Kenanga Research & Investment

TASCO Berhad - Challenging Times Ahead

kiasutrader
Publish date: Tue, 27 Dec 2016, 10:04 AM

INVESTMENT MERIT

We are closing our position on TASCO. (Previous call: Trading Buy). While it may be poised for a recovery over the longer term, arising from its expansion plans, the current poor share price performance coupled with a stagnating earnings outlook in the short-to-medium term render limited upside to the stock. It is now a NOT RATED stock with a fair value of RM1.54.

Poor share price performance. We last highlighted TASCO in On Our Radar report series in May last year, with a Trading Buy call. However, its share price has plunged 27%, from RM2.06 (pre-adjustment: RM4.12) to close at RM1.50 last Friday, bogged down by a disappointing set of FY16 results, coming in at only 64% of our previous earnings projection on the core level (actual CNP of RM25.2m vs. previous projection of RM39.4m), arrived after stripping off RM5.4m gains on disposal of PPE. The poor results were mainly due to an overall low volume demand, particularly for its domestic segments. Earnings outlook is expected to remain stagnant, as we introduce our FY17-18E earnings projection with an implied CNP growth of - 5.5%/7.5%, mainly premised on the poorer international segments performances.

Neutral international outlook. After posting positive results for its international segments in FY16, with a segmental profit growth of 263%, 1H17 results were rather disappointing, growing at only 2.4% YoY, from RM5.5m to RM5.6m, despite posting a respectable revenue growth of 19.7% YoY from RM97.4m to RM116.6m.

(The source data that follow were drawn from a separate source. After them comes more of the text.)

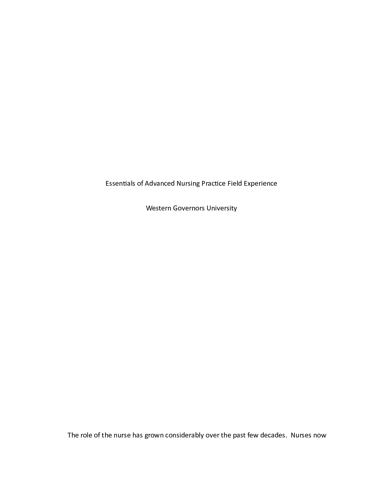 Business > CASE STUDY > Essentials of Advanced Nursing Practice Field Experience.docx Essentials of Advanced Nu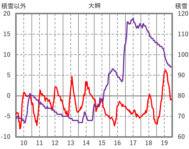 | 日 | 時 | 気温 | 降水 | 風向/風速 | 日照 | 積雪 | 降雪 |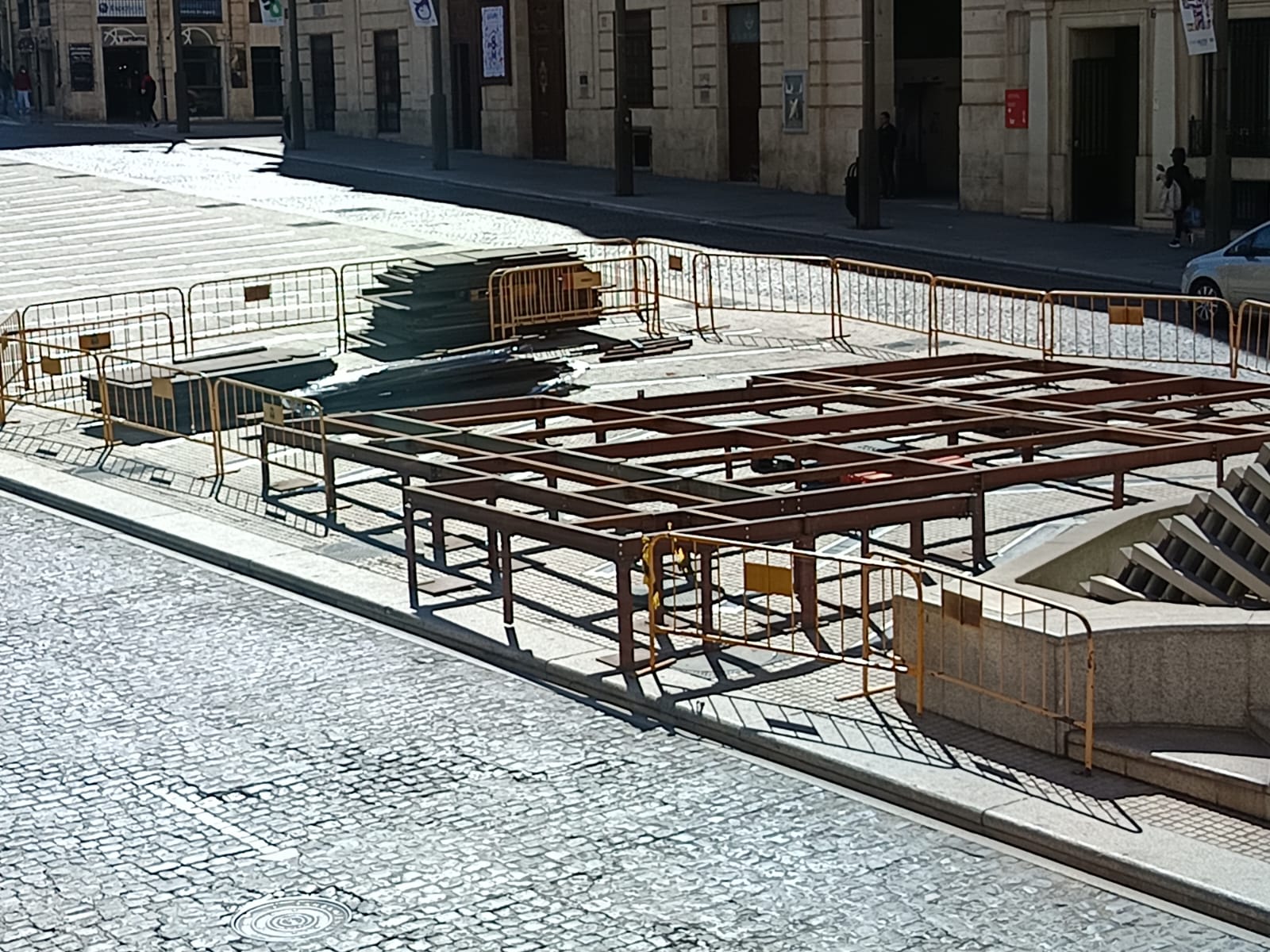 Este 5 de març s'ha iniciat a la plaça d'Espanya el muntatge del Castell de Festes d'Alcoi. Tenim la foto, però és molt més significatiu el meme que ja corre per la ciutat:

This was due to increased competition in business contracts, which resulted in higher operating costs – particularly for its Air Freight Forwarding business, where margins dropped to a meagre 1.8% from 5.9% in FY16. Going forward, we expect FY17E international earnings to normalise from the strong growth last year with a projected segmental earnings decline of 19.9%, before posting noticeable growth in FY18 with projected growth of 20.8%. Furthermore, we believe that the shipping-line merger between its parent NYK, K Line and MOL will have very minimal impact at TASCO level. One silver lining is that TASCO is a beneficiary of a stronger USD, with a sensitivity analysis suggesting PAT impact of c.RM2m for every 5% change of the USD.

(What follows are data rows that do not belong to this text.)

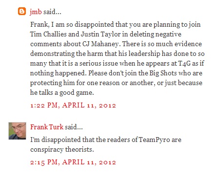 I’m the “jmb” who was called, along with a couple others, a “conspiracy theorist” by Frank Turk. When I emailed him proof of my claims, he deleted it, but did not delete his attack on us. The next day, he wouldn’t drop it, and made a “conspiracy theorist” crack on Twitter. I twittered him that he was a coward who deleted evidence that contradicted him.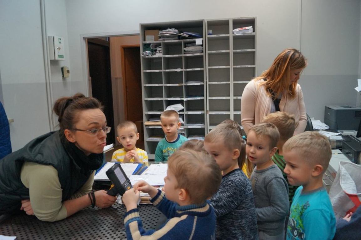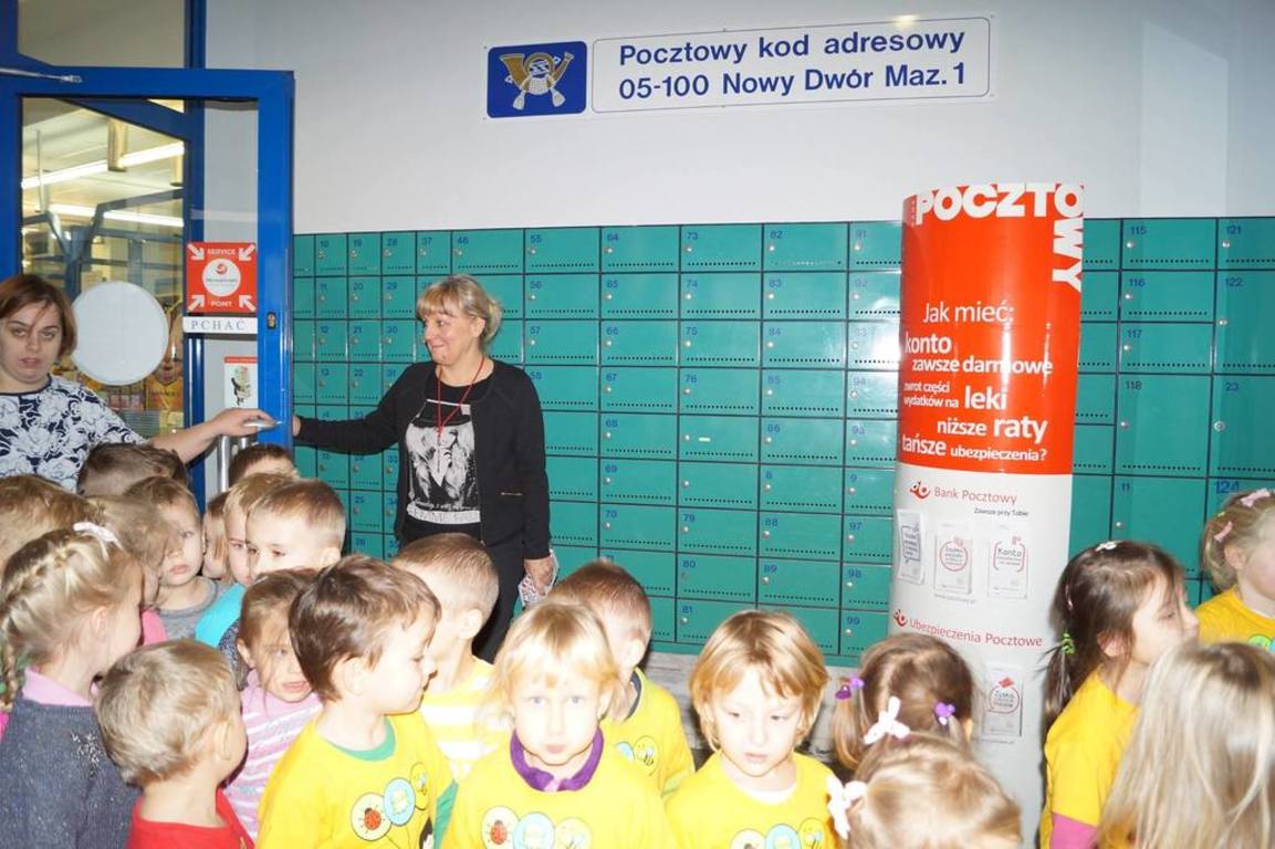 Dnia 30.11.2016r. przedszkolaki z grupy Żabki i Pszczółki odwiedziły Urząd Pocztowy w Nowym Dworze Mazowieckim w celu poznania pracy na poczcie i wyrabiania szacunku do pracy ludzi w różnych zawodach. Dzieci zapoznały się z wyglądem poczty, jej wyposażeniem i urządzeniami: półki na listy i paczki, skrzynki pocztowe, wagi, worki na listy, pieczątki, regały na kartki i czasopisma. Dzieci poznały różne rodzaje listów: zwykłe, polecone, ekspresowe, lotnicze, kartki, telegramy; wzbogaciły słownictwo w zwroty: awizo, przesyłka. Przedszkolaki utrwaliły znajomość swojego nazwiska, imienia, adresu domowego i przedszkola oraz prawidłowego adresowania listów. Pani urzędniczka opowiedziała również dzieciom o trudnej pracy listonosza i innych pracowników poczty. Dzieci miały również możliwość wysłania przygotowanych wcześniej Listów do Świętego Mikołaja.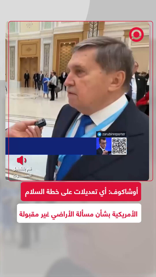 Play/Pause Mute/Unmute أوشاكوف.. أي تعديلات على خطة السلام تتعلق بالأراضي "غير مقبولة" Save post Share Facebook X VK.com Telegram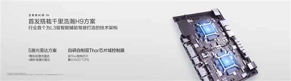 此外,该车还搭载千里浩瀚H9方案,拥有L3级驾驶能力的技术架构,全球首发双英伟达Thor芯片和5激光雷达,算力达到1400 TOPS行业最高,官方宣称“能够在国家政策允许的范围内实现L3级驾驶能力”。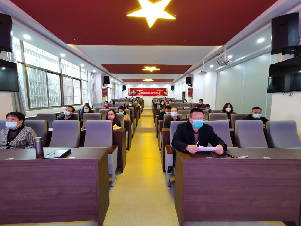 10月27日下午,bat365正版唯一官网在红色讲堂组织全体教职工深入学习党的二十大报告,党总支书记刘建军围绕党的二十大精神作专题辅导报告。张敬花副院长主持会议。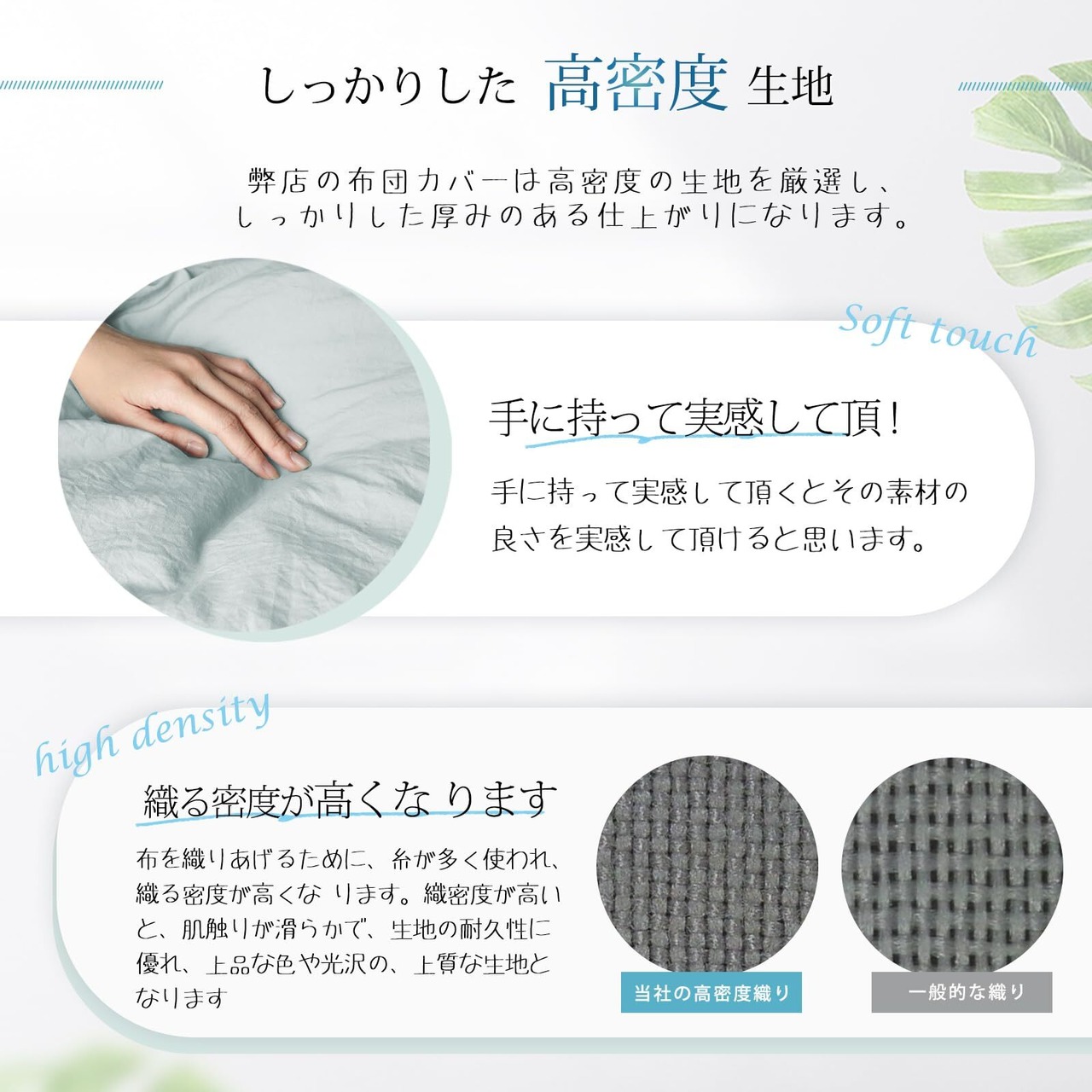 【洗いざらし+極柔な肌触り】:掛け布団カバーの生地を何度も洗って自然な風合いがでて更にピーチスキン加工して最初から肌になじむように仕上げました。洗濯ごとにもっと柔らかくなり、毛玉やほつれができにくく、静電気も少ないので、耐用性がよい長く愛用できます。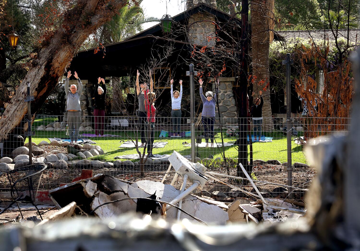 Twelve participants, including an 82-year-old woman who lost her home in the fire, stretched out the mats on the green grass under the sung eucalyptus tree. The bird squealed. Down the street, the chain gets caught up in hiking.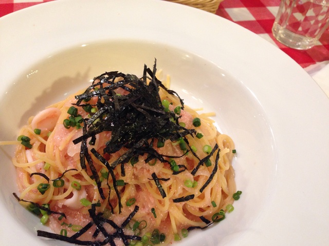 つくばで夜ゴハンを食べよう!とお店をさがしていたところ、いばナビで人気no.1だったので行ってみました♪ レトロ感のある可愛らしい店内。 写真はいかたらこパスタですが、オススメは石焼きナポリタン!フォークが止まらない美味しさでした(^q^)

Domestic earnings recovery. The domestic segments posted positive 1H17 results with a YoY earnings growth of 24.1%, from RM9.9m to RM12.3m, due to greater custom clearance and haulage volume coupled with improved bottom line from Southern region warehouses. While the growth is fairly healthy, it benefitted from the low base last year. While we project that FY17E domestic segments will see a 44.4% growth, recovering from the overly poor performance in FY16 when earnings plunged 60.4% from RM40.2m to RM15.9m, we expect the segment to maintain its sluggishness going into FY18 and beyond, with a mere 1% growth projection, as top line is capped by high utilisation of its warehouses while margins is expected to have thoroughly recovered. Contract logistics, one of the two divisions within its domestic segment, has been suffering deteriorating revenues for the past two FYs, while the trucking division continues its struggle to break even.

Future expansions. Management guided their intention to invest in cold chain logistics, aiming to make up c.15% of revenue in the next 3-4 years, with a planned total capex outlay of RM100m to RM150m. While we understand that cold chain logistics is a niche market, it is expected to fetch much higher margins given high capex and specialised services required. We identify TNLOGIS to be the closest competitor as it already has a stable footing in the cold chain industry. Additionally, TASCO also guided that they are aiming to expand its warehousing space to 500k sq ft within the same 3- 4 year time period, more than double the current 200k sq ft capacity, which contributed RM17m PBT in FY16, under its contracts logistics division.

NOT RATED, with Fair Value of RM1.54; derived based on a forward PER on FY18E of 12x, which is +0.5SD above its 5-year mean of 10x. We lowered our PER valuation by 0.5x from our last report, in view of the deteriorating outlook. Thus, with the limited upside, we are closing our previous Trading Buy position with a NOT RATED call.